Three base pairs represent a code for a particular amino acid and are called a codon. A typical codon might be called GGA or ATC. Because each of the three codon places for a base pair can have four different configurations, the total number of codons is 43 or 64.

There are about 20 amino acids that are used in protein synthesis, and there are also codons for start and stop signals.

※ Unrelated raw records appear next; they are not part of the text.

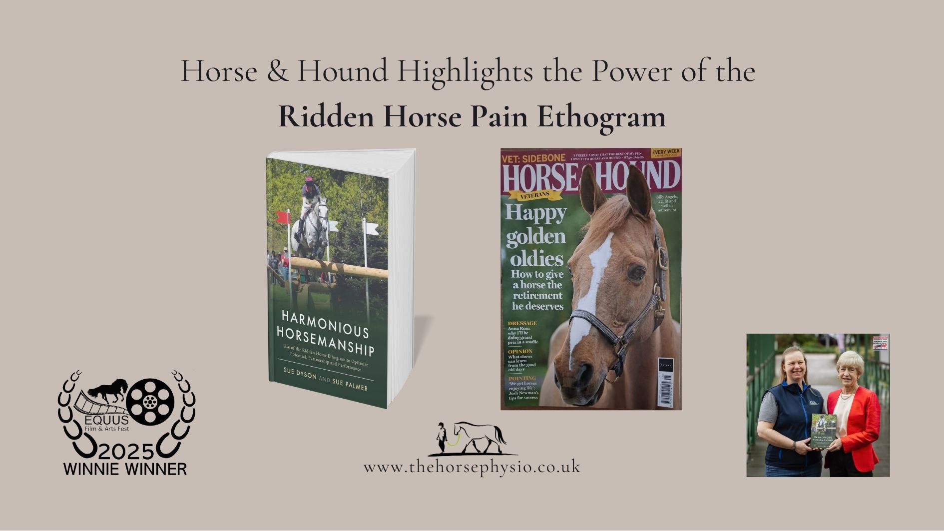 In the 6th November 2025 edition of Horse & Hound, within an article celebrating older horses, vet Ben Chilvers MRCVS described the Ridden Horse Pain Ethogram (RHpE) as ‘one of the most significant advances in the past decade… recognises 24 subtle behaviours linked to discomfort. “This tool allows much earlier recognition of discomfort, often before lameness is obvious”, says Ben’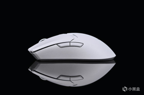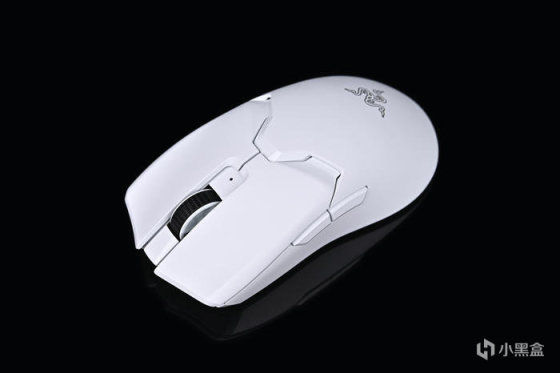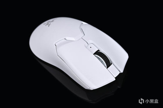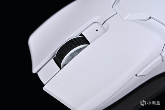 鼠标前方两个按键按压手感清脆,内置 Razer Optical Mouse Switches Gen3 微动,拥有 9000 万次的使用寿命。鼠标滚轮刻度感明确,按压触感利落,同时露出面积更多,手指轮动更舒服。滚轮后方还有一个指示灯,用于提示连接状态 DPI 切换、开关机以及剩余电量提醒。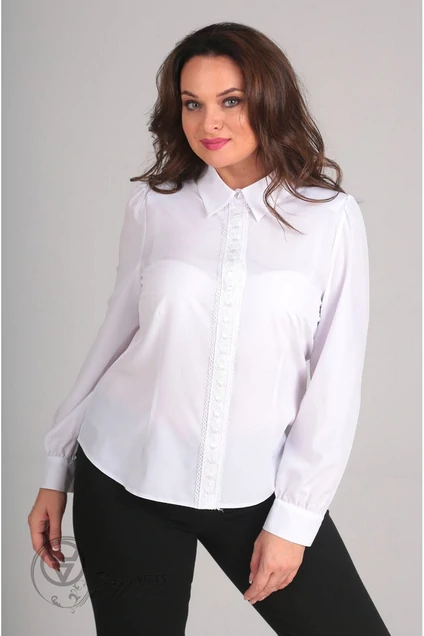 Блуза женская, приталенного силуэта с нагрудными и талевыми вытачками. Воротник на стойке, рубашечный. Застежка центральная, на планку, к правой стороне которой настрочено кружево. Рукав втачной. М 62317 46 48 50 52 54 56 Длинна спинки, (см) 58 58 60 60 62 62 Ширина спинки, (см) 38 38 40 40 42 42 Ширина под проймой, (см) ПОГ 48 50 52 54 56 58 Ширина по бедрам, (см) 49,5 51,5 53,5 55,5 57,5 59,5 Ширина плеча, (см) 10,5 10,5 11 11 11,5 11,5 Длина рукава, (см) 63,5 63,5 63,5 63,5 63,5 63,5 Ширина рукава под 36 38 38 40 40 42 проймой (обхват) (см)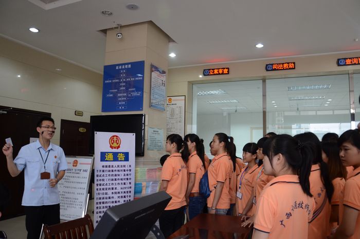法院工作人員首先引(yǐn)導學員參觀了訴訟服務大廳等法製教(jiāo)育場所,並對法院曆史發展沿革、廉政文化建設、法製建設等(děng)進行了講解,為接下來的庭審做好了知識準備。
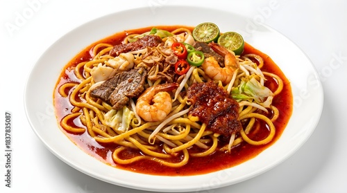 food, noodle, prawn, meat, dish, asian, cookery, seafood, stir fry, savoury, delicious, plate, meal, lunch, dinner, eatery, traditional, epicure, appetising, hot, spicey, chili, sauce, bean sprouts, lime, herb, aromatic, flavorful, cooked, prepared, homemade, asia, malaysia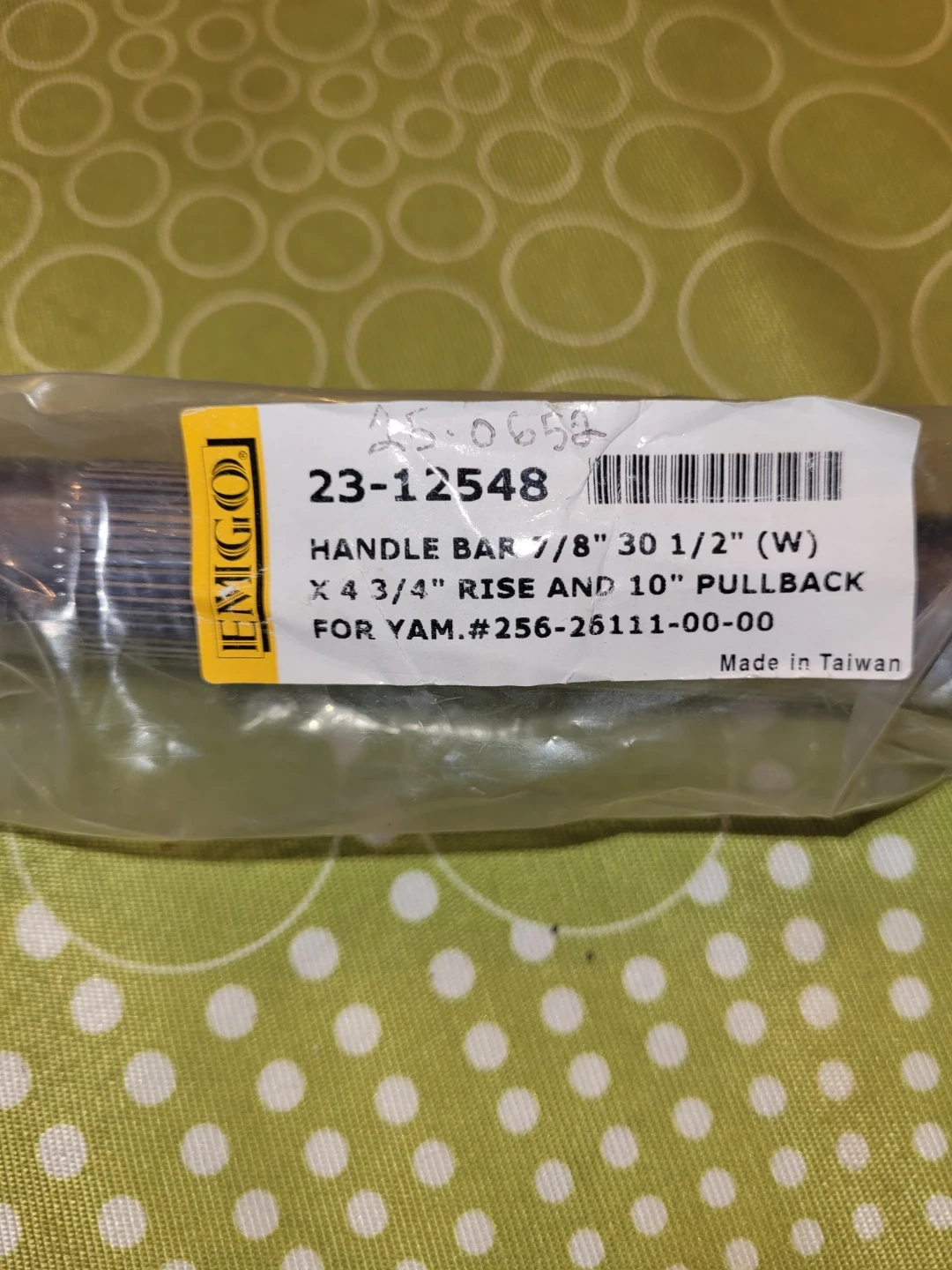 IZUMI heavy-duty motorcycle chain. Chain size ES 530 HT with 104 links. Made in Japan. Handle bars are 7/8" 30 1/2" (W) x 4 3/4" rise and 10" pullback for Yamaha. Made in Taiwan. Includes grips and other assorted motorcycle parts.

As a result, there are enough codons to define a sequence of amino acids for each protein with some redundancies.

The mRNA is a copy of the code for one protein.

Proteins Are Produced by Ribosomes

When the mRNA leaves the nucleus, it looks for a ribosome to synthesize the protein for which it has the coded instructions.

Ribosomes are the factories of the cell that produce the cell’s proteins. They are made up of a small part that reads the mRNA and a larger part that assembles the amino acids in the correct sequence. The ribosome is made up of ribosomal RNA and associated proteins.

Ribosomes are found either floating in the cell’s cytosol or attached to the cell’s endoplasmic reticulum (ER), a series of membrane-enclosed sacs found near the nucleus. When the floating ribosomes produce proteins, the proteins are released into the cell cytosol.

If the ribosomes attached to the ER produce a protein, the protein is sent outside the cell membrane to be used elsewhere. Cells that secrete hormones and enzymes usually have many ribosomes attached to the ER and produce proteins for external use.

The mRNA binds to a ribosome, and the translation of the code into the corresponding protein can begin.

Translation Assembles a Specific Protein According to the mRNA Code

Floating in the cell cytosol are amino acids and small RNA molecules called transfer RNA or tRNA. There is a tRNA molecule for each type of amino acid used for protein synthesis.

When the ribosome reads the mRNA code, it selects a tRNA molecule to transfer the corresponding amino acid to the ribosome. The tRNA brings a molecule of the specified amino acid to the ribosome, which attaches the molecule in the correct sequence to the amino acid chain.

The sequence of events is as follows:

  1. Initiation. One end of the mRNA molecule binds to the ribosome.
  2. Translation. The ribosome reads the first codon of the mRNA code and selects the corresponding amino acid from the tRNA. The ribosome then reads the second codon and attaches the second amino acid to the first one.
  3. Completion. The ribosome works its way down the mRNA chain and produces a corresponding protein chain at the same time. The protein chain is a sequence of amino acids with peptide bonds forming a polypeptide chain.

Some proteins are produced in batches while others are synthesized continuously to meet the ongoing needs of the cell. When the ribosome produces the protein, the information flow of the central dogma from DNA to protein is complete.

Alternative Splicing and the Effects of Introns

Alternatives to the direct information flow envisaged in the central dogma have recently been studied. In alternative splicing, the pre-mRNA is cut to remove introns, but the sequence of exons in the copied DNA string is changed.

This means that one DNA code sequence can give rise to two different proteins. While introns are discarded as non-coding genetic sequences, they may influence exon coding and may be a source of additional genes in certain circumstances.

While the central dogma of molecular biology remains valid as far as information flow is concerned, the details of exactly how the information flows from the DNA to the proteins is less linear than originally thought.